Improved estimates of carbon sinks and sources of northern ecosystems

A new study shows that a calculation method used by international measurement networks creates a systematic bias in carbon balance estimates for northern ecosystems. The study, led by the Finnish Meteorological Institute, shows that a machine learning method can be used to substantially reduce the error.

A key method used to measure carbon balances of forests, agricultural fields and wetlands is the eddy covariance technique. In principle, this method measures carbon dioxide exchange between ecosystems and the atmosphere continuously every half an hour. However, some of the measurements have to be discarded because of unfavorable atmospheric conditions, and also technical failures lead to data gaps.
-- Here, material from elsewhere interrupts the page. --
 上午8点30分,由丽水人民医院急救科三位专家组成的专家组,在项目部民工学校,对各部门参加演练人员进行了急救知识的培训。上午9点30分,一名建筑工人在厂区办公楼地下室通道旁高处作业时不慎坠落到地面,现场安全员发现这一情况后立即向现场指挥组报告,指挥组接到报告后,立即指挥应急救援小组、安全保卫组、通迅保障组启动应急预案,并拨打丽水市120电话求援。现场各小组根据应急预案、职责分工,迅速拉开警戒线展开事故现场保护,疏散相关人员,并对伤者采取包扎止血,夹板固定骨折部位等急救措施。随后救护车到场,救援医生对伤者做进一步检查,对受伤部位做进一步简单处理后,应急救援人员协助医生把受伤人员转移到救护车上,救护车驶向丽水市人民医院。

Replacing, or gap-filling, the missing data to obtain full timeseries is an essential step in calculating annual carbon balances.

A new study, which was led by the Finnish Meteorological Institute, investigated for the first time what is the impact of different gap-filling methods on the carbon balance estimates of high-latitude ecosystems. The results were published in Scientific Reports.

The study showed that the most common gap-filling method, also used by international flux measurement networks, causes a systematic error in the annual carbon balance estimates of northern ecosystems. Because of this error, emissions of carbon sources have been overestimated and the strength of carbon sinks underestimated. The bias is substantial, at some sites even of a similar magnitude to the annual carbon balance. The error is caused by a very skewed distribution of solar radiation in northern latitudes.

A machine-learning method produces reliable carbon balance estimates

To correct for the error, the study utilized a machine learning method, which proved to be more accurate than the old standard method and did not cause any systematic errors. In addition to a new, unbiased method, the old method was modified to better account for the environmental conditions prevailing in northern latitudes.

Boreal and tundra biomes cover an area of more than 20 million square kilometers. Therefore, the systematic error found in the study can have significant impacts on the carbon balance estimates of northern areas, if these are based on eddy covariance measurements. When the improved gap-filling methods are taken widely into use, estimates of carbon balances of northern ecosystems can be calculated more accurately. In the future, eddy covariance data can also be utilized to increase the reliability of carbon balance estimates produced in national greenhouse gas inventories.